Set down each line of the records once more, precisely, and omit the pictures.

Data -
•••
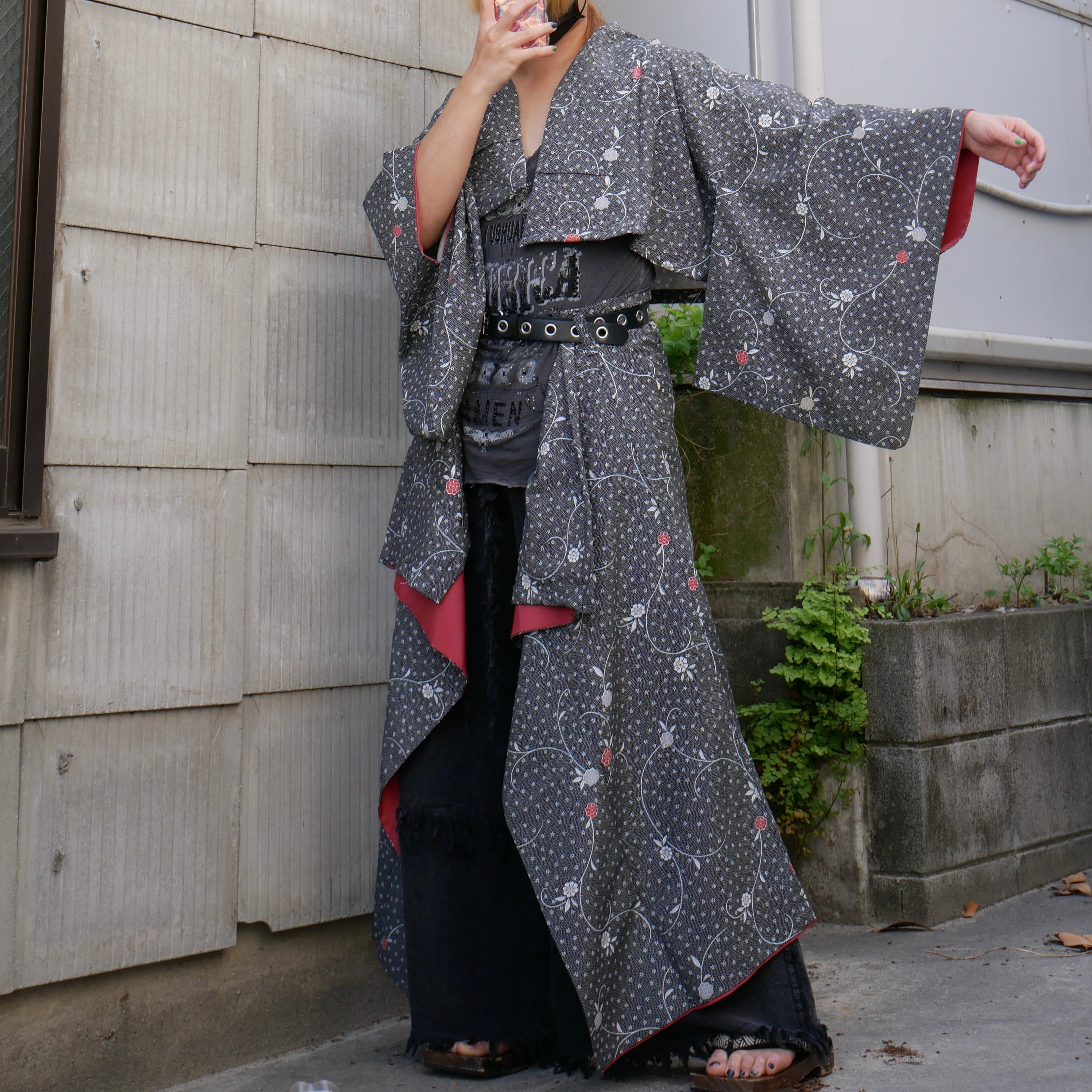 A reconstructed setup made from vintage Japanese kimono, featuring a black base with delicate red and white floral patterns.
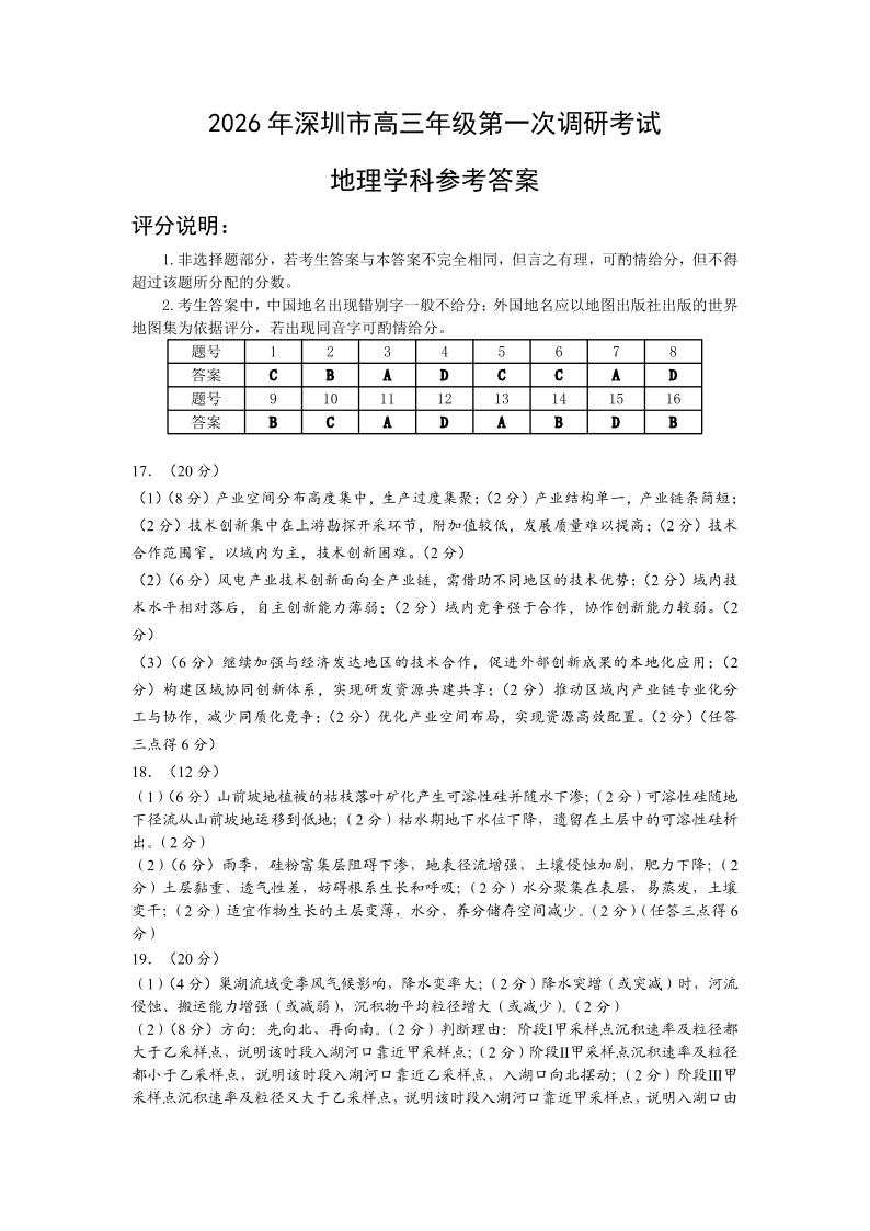 2026年深圳市高三年级第一次调研考试 地理答案.pdf
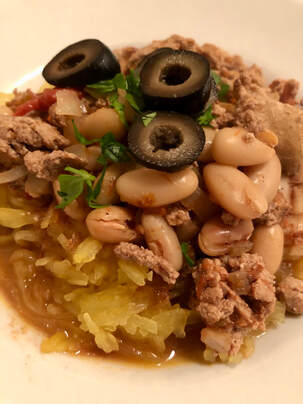 Besides the spaghetti squash you’ll need, kosher salt, extra-virgin olive oil, ground turkey, allspice, cinnamon, cayenne pepper, apple cider vinegar, an onion, chicken broth, a can of kidney beans, 14-ounce can of tomato sauce, unsweetened cocoa powder, fresh parsley and pitted olives.
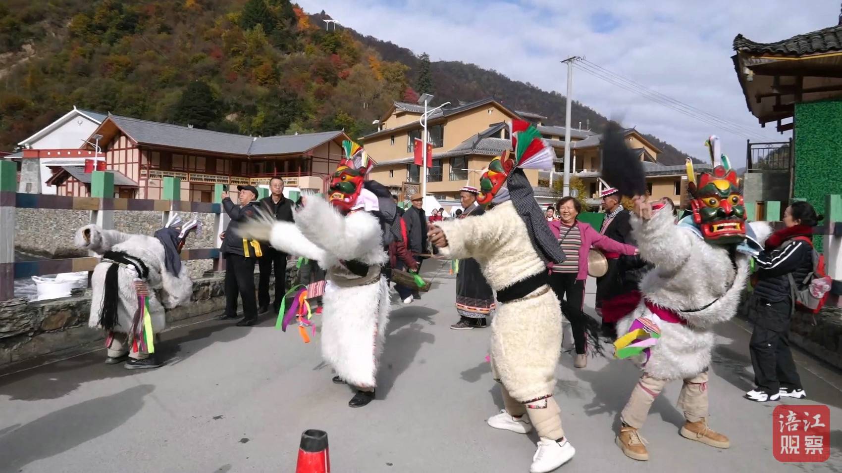 活动当天,祥述加寨一早便洋溢着热闹氛围。身着华丽民族盛装的白马藏族同胞,以最高规格的礼节迎接八方来客。国家级非物质文化遗产“跳曹盖”的雄浑舞步踏响村寨,面具上的古老纹路随动作流转,尽显民族文化的神秘与厚重;白马姑娘们手捧丝带,唱响婉转悠扬的传统山歌,将象征平安顺遂的美好祝福递到每位游客手中。村寨内,手打洋芋糍粑的香气四处弥漫,游客们纷纷驻足摊位前,亲自体验捶打糍粑的乐趣,近距离感受传统美食背后的民俗韵味。
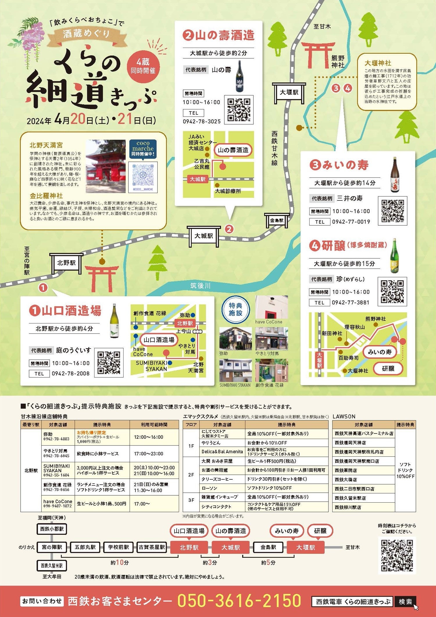 ※3くらの細道きっぷは、西鉄電車甘木線沿線の4か所の酒蔵とタイアップした企画乗車券です。甘木線沿線の久留米市北野町・三井郡大刀洗町で、春の訪れとともに昔懐かしいぬくもりのある風景(=細道)を味わいながら、西鉄電車に乗車して個性豊かな4か所の酒蔵(=くら)を回る”酒蔵めぐり”をお楽しみいただけます。
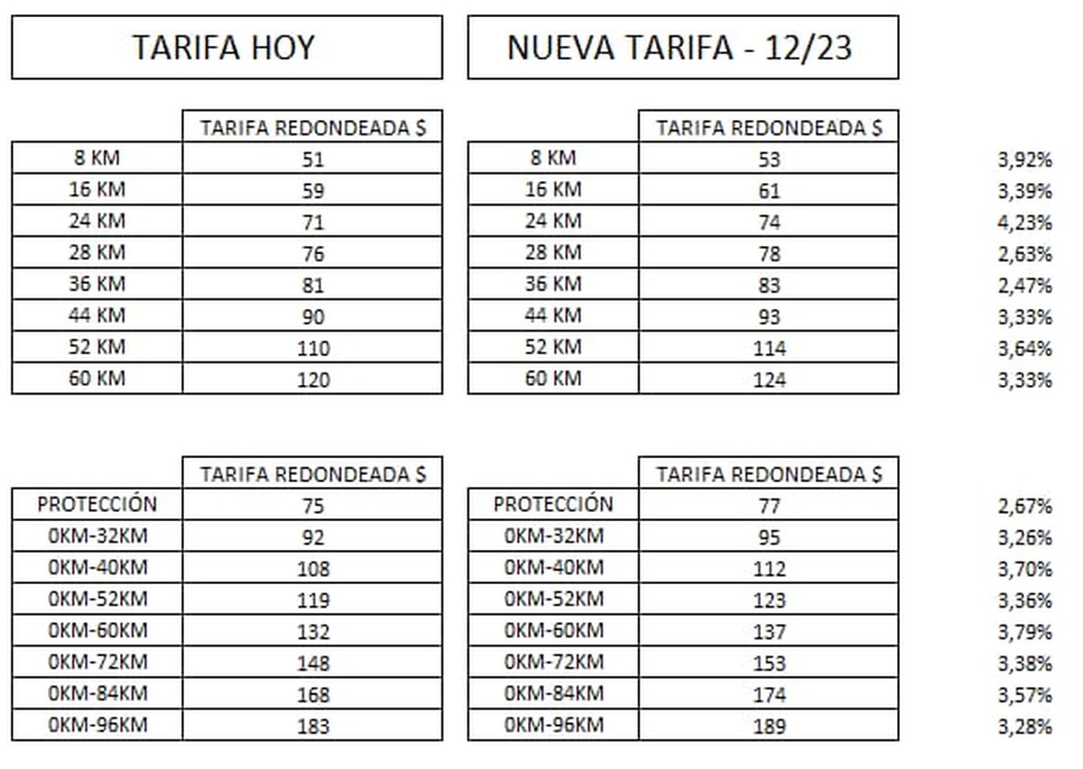 Estas son las nuevas tarifas informadas por el MTOP a las empresas:
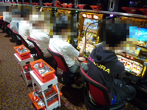 朝イチのパチスロでは、「バジリスク~甲賀忍法帖~絆」や「SLOT魔法少女まどか☆マギカ2」など、多くの機種が満席といった状況。
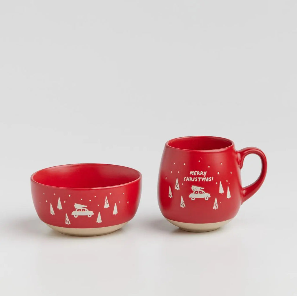 Red Christmas ceramic mug and bowl with the words MERRY CHRISMAS! and a white picture of a car with a Christmas tree.
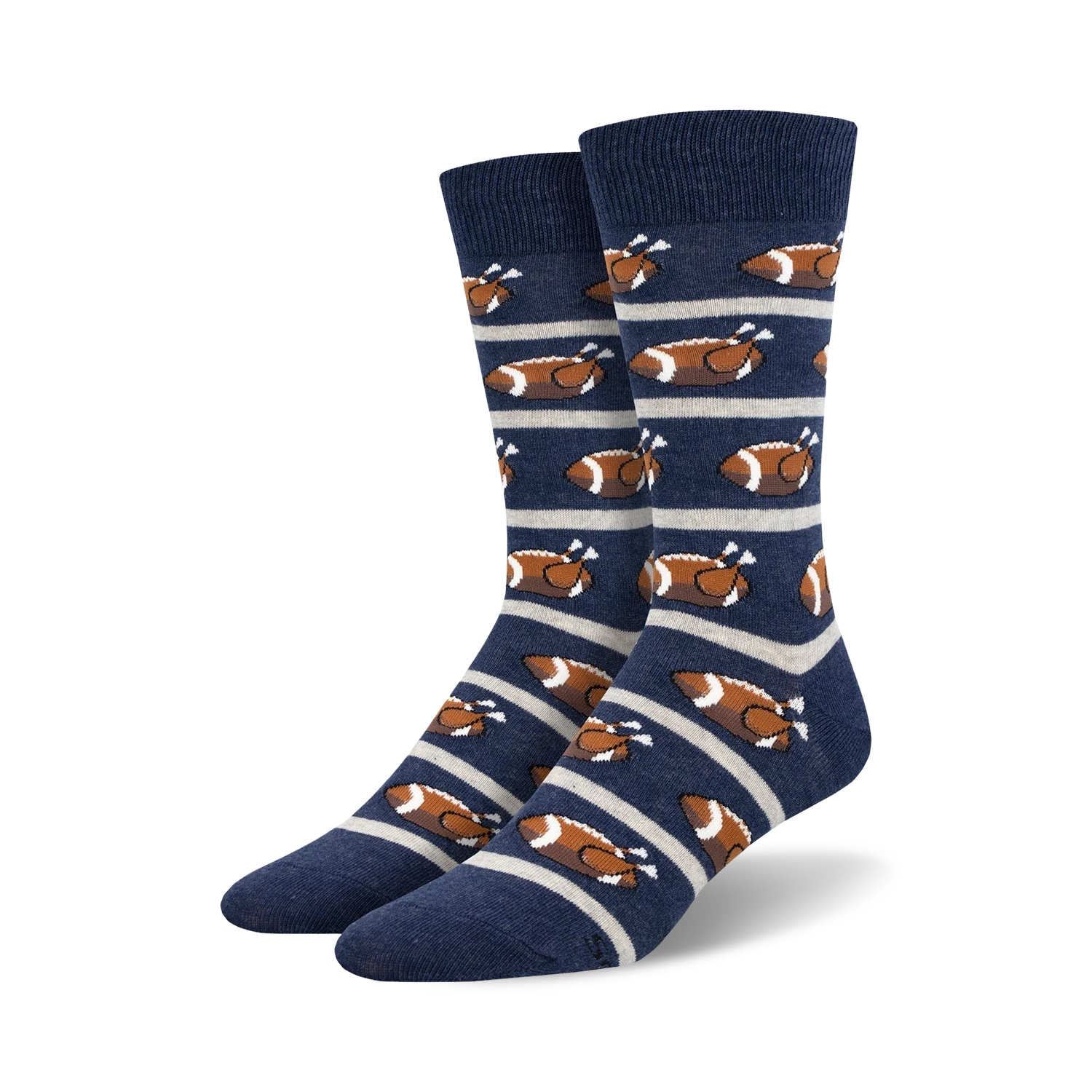 🈠Thanksgiving feast or football frenzy? Why not both? 🦃 Stay warm and stylish on Turkey Day with our “Thanksgiving Football” crew socks for men. These socks feature lively patterns of brown footballs and turkeys in bright orange and blue that will add a dash of fun to your holiday wardrobe. Perfect for when you want to kick back and relax or cheer on your favorite team!
•••
Response area -
 A reconstructed setup made from vintage Japanese kimono, featuring a black base with delicate red and white floral patterns.
 2026年深圳市高三年级第一次调研考试 地理答案.pdf
 Besides the spaghetti squash you’ll need, kosher salt, extra-virgin olive oil, ground turkey, allspice, cinnamon, cayenne pepper, apple cider vinegar, an onion, chicken broth, a can of kidney beans, 14-ounce can of tomato sauce, unsweetened cocoa powder, fresh parsley and pitted olives.
 活动当天,祥述加寨一早便洋溢着热闹氛围。身着华丽民族盛装的白马藏族同胞,以最高规格的礼节迎接八方来客。国家级非物质文化遗产“跳曹盖”的雄浑舞步踏响村寨,面具上的古老纹路随动作流转,尽显民族文化的神秘与厚重;白马姑娘们手捧丝带,唱响婉转悠扬的传统山歌,将象征平安顺遂的美好祝福递到每位游客手中。村寨内,手打洋芋糍粑的香气四处弥漫,游客们纷纷驻足摊位前,亲自体验捶打糍粑的乐趣,近距离感受传统美食背后的民俗韵味。
 ※3くらの細道きっぷは、西鉄電車甘木線沿線の4か所の酒蔵とタイアップした企画乗車券です。甘木線沿線の久留米市北野町・三井郡大刀洗町で、春の訪れとともに昔懐かしいぬくもりのある風景(=細道)を味わいながら、西鉄電車に乗車して個性豊かな4か所の酒蔵(=くら)を回る”酒蔵めぐり”をお楽しみいただけます。
 Estas son las nuevas tarifas informadas por el MTOP a las empresas:
 朝イチのパチスロでは、「バジリスク~甲賀忍法帖~絆」や「SLOT魔法少女まどか☆マギカ2」など、多くの機種が満席といった状況。
 Red Christmas ceramic mug and bowl with the words MERRY CHRISMAS! and a white picture of a car with a Christmas tree.
 🈠Thanksgiving feast or football frenzy? Why not both? 🦃 Stay warm and stylish on Turkey Day with our “Thanksgiving Football” crew socks for men. These socks feature lively patterns of brown footballs and turkeys in bright orange and blue that will add a dash of fun to your holiday wardrobe. Perfect for when you want to kick back and relax or cheer on your favorite team!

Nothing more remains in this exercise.